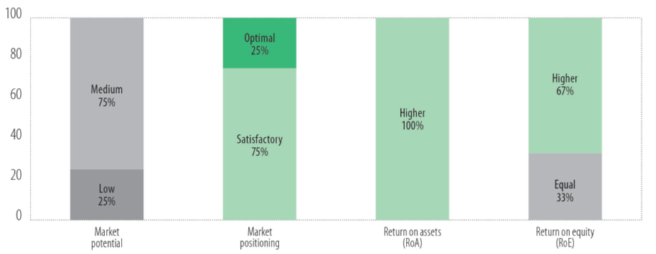 Prema kriteriju povrata na imovinu (prilagođenog trošku rizika) u poređenju sa ukupnim poslovanjem matične bankarske grupacije, BiH je neprikosnoveni regionalni šampion, jer je visokoprofitabilno tržište za sve anketirane banke, u čemu joj tek djelimično pariraju Bugarska i Rumunija, dok je Slovačka najlošija u regiji, sa profitabilnošću jednakom ili slabijom od ostvarene na grupacijskom niovu.
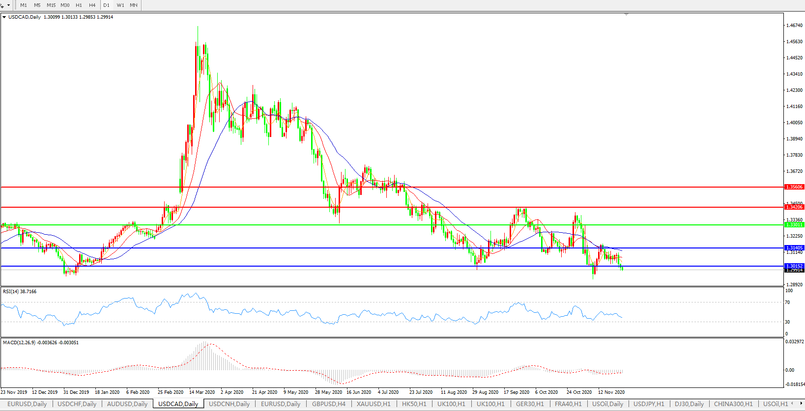 美元兑加元USDCAD    日线图:
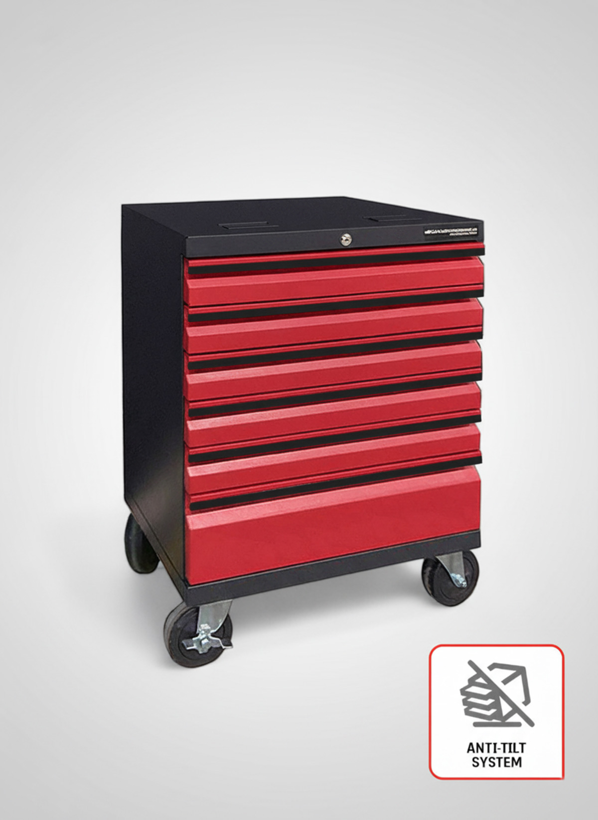 Högkvalitativ verktygsvagn i som är anpassad måttmässigt att ersätta ett golvskåp. Försedd med hjul som gör det enkelt dra ut vagnen till din arbetsplats och därefter styra in den under arbetsbänken igen. De sex lådorna ger gott om förvaringsutrymme för dina verktyg.

···

=== The task ===
Exact transcription of the full listing above is required; images do not belong in it.

=== Final answer ===
 Prema kriteriju povrata na imovinu (prilagođenog trošku rizika) u poređenju sa ukupnim poslovanjem matične bankarske grupacije, BiH je neprikosnoveni regionalni šampion, jer je visokoprofitabilno tržište za sve anketirane banke, u čemu joj tek djelimično pariraju Bugarska i Rumunija, dok je Slovačka najlošija u regiji, sa profitabilnošću jednakom ili slabijom od ostvarene na grupacijskom niovu.
 美元兑加元USDCAD    日线图:
 Högkvalitativ verktygsvagn i som är anpassad måttmässigt att ersätta ett golvskåp. Försedd med hjul som gör det enkelt dra ut vagnen till din arbetsplats och därefter styra in den under arbetsbänken igen. De sex lådorna ger gott om förvaringsutrymme för dina verktyg.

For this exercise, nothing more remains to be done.